How to set up domain controllers on different subnets?

M

MedicineMan2019-05-06 12:11:51

Active Directory

MedicineMan, 2019-05-06 12:11:51

I want to create a secure (fail-safe) active directory structure. To do this, I plan to deploy a 3rd domain controller. Two of which will be read only and 1 writable. I plan to cut off the Writable controller from users.
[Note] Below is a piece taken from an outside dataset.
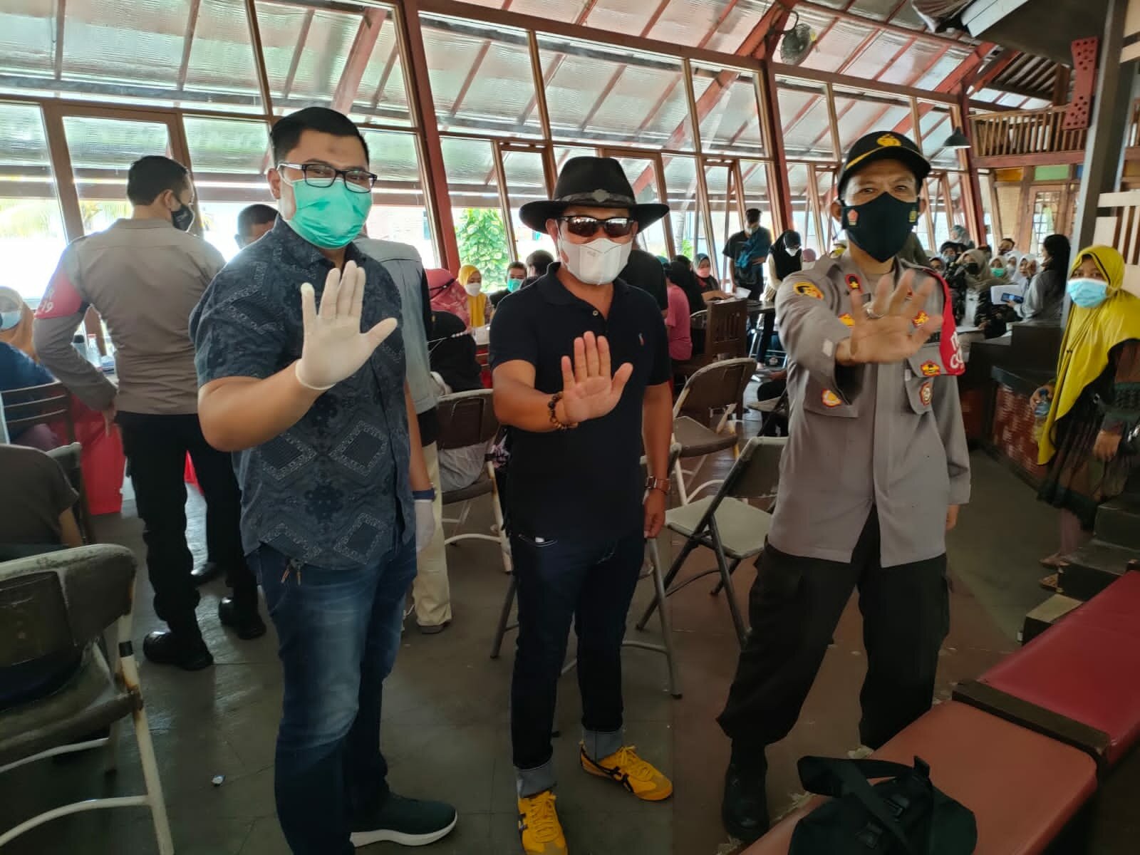 TINTAJABAR.COM, GARUT – Polsek Kadungora Polres Garut Polda Jabar berikan rasa aman dan nyaman dalam Kegiatan Vaksinasi Massal yang diselenggarakan oleh Yayasan Sarupa dan Asep Stroberry di RM Asep Stroberry Kadungora Garut. Rabu (21/10/2021).

Actually, how to configure DNS and sites with this configuration, and will there be pitfalls?

Reply

Answer the question

In order to leave comments, you need to log in

3 answer(s)

#

#, 2019-05-06
@mindtester

And how do you think they will be able to synchronize? (and who needs unsynchronized "ridonly" if "wrightable" collapses ? )
ps I would add 2-3 more words - it makes sense when using intersite replication (for example, you have a head network in the regional center, and a branch in the collective farm) in the local area - make regular backups, delegate administration functions to employees with sufficient qualifications. and raise its level (qualifications)

2

20ivs, 2019-05-06
@20ivs

so-so scheme, culturally speaking. It doesn't even make sense to answer this question. fault tolerance with ridonly servers....
if you want fault tolerance within the same domain, then do as usual - two of the most common full-fledged DCs, well, or at least five DCs, at your discretion. no need to think that you are smarter than everyone and compose some kind of muddy schemes.

A

Alexander, 2019-05-07
@Warlok9OOO

Can I clarify: what type of attack do you plan to protect against by leaving only "read only" controllers to users? What user actions are you afraid of?